The second rumor involves computer security. These are systems skilled at language. Encrypted text is the heart of modern computer security. It may be that an AI system has been trained on how to unpack the most secure security systems known. If this is so, then no encryption system is safe from high powered AI.
As the Russians are rumored to already do, it may be time to break out typewriters again. This matters little to most of us, but to the Military this is a very big deal. Someone representing military interests might be the heavy that put Sam back in as CEO.
The third rumor was the use of the AI engine to study and improve its own AI engine. This would let the core of the AI engine disconnect from its human programmers. As Karpathy notes in his video above, humans already do not know what is going on in these systems. It will become much worse if the systems tune themselves.

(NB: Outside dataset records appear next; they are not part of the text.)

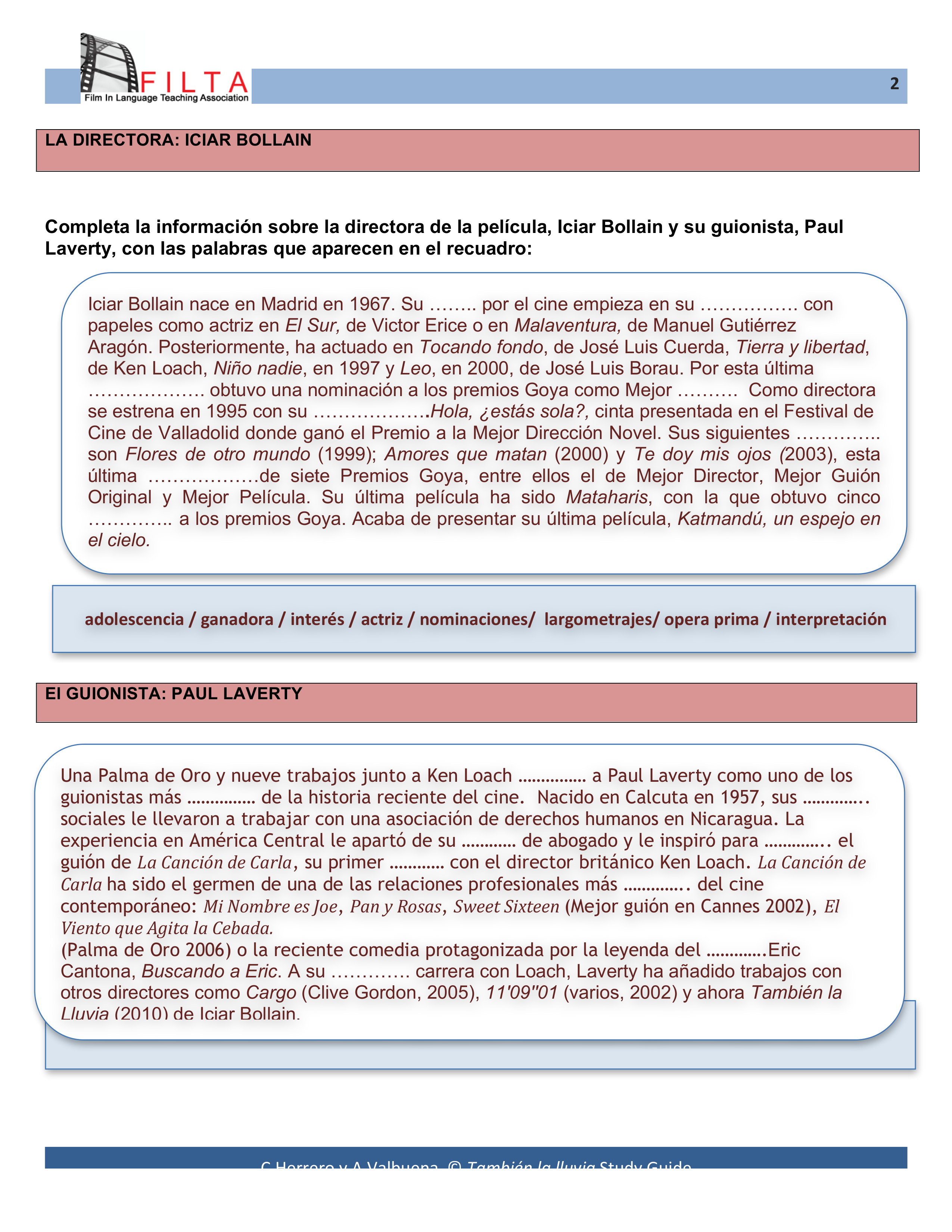 Preguntas extraídas de la Guía didáctica de la película "También la lluvia" por Ana Valbuena et al. La guía se puede encontrar en filta.org.co.uk
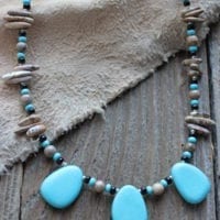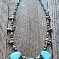 Handcrafted by artisans from the Black Hills of South Dakota. Three triangular stones .75″ by .75″ on a single strand with alternating jasper, silver, teal and black beads. Together these stones create a strong connection to the earth. Measures 20″ including a 4″ extender and lobster claw clasp. Each piece is unique and may vary slightly. Pair with earrings CE917.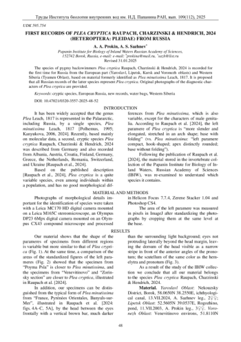 Вид плей Plea cryptica Raupach, Charzinski & Hendrich, 2024 впервые указан для фауны России из Европейской части (Ярославская, Липецкая, Курская и Воронежская области) и Западной Сибири (Тюменская область) на основании переизучения материала, ранее определенного как Plea minutissima Leach, 1817. Предположено, что все указания последнего вида с территории России относятся к Plea cryptica. Приводятся оригинальные фотографии диагностических признаков Plea cryptica.

All of these are serious. Here is a link to video that covers these points and what they might mean. The term being used is "Q*" pronounced Q-Star. Qu as in the Qu letter of the Paleo alphabet, or Qu-map, or brain. The * involves a class of self improving math systems. The base algorithm is known as A*. Apparently this has been added to the set of tools AI can use.
The link here is a 21 minute video by David Shapiro. (Impersonating a Star Fleet officer, oh the blasphemy!) In any case he does a good job of explaining these implications. He also attempts to cite some of the rumor sources, which is rare and why I picked this video.
Elon Musk's basic approach to fighting AI is to have multiple competing AI systems. Some will hopefully be built and run by the good guys. The hope is they are able to reason based on chains of provable facts. This would break much of the political world we currently know. It could also unlock, say, better models of Physics.
It is unclear how this will play out. But, if we are not blown back to a post apocalypse world, then AI is here to stay. Men and women of faith will need to understand how this tool seems to have more uses for evil than for good. It is not like we don't have many other examples already.
If this is one of the resurrection headlines, then living with this tech may be an eternal feature of the human race. Like coming to adulthood, it is just something that we must collectively learn to use responsibly.
Measured in 1000 year intervals from Adam, as years in the life of humans on earth, then we are collectively beginning our teenage years. Just like teenagers often do, as we collectively go through these years, we are sure to screw things up before we can handle it in an adult way.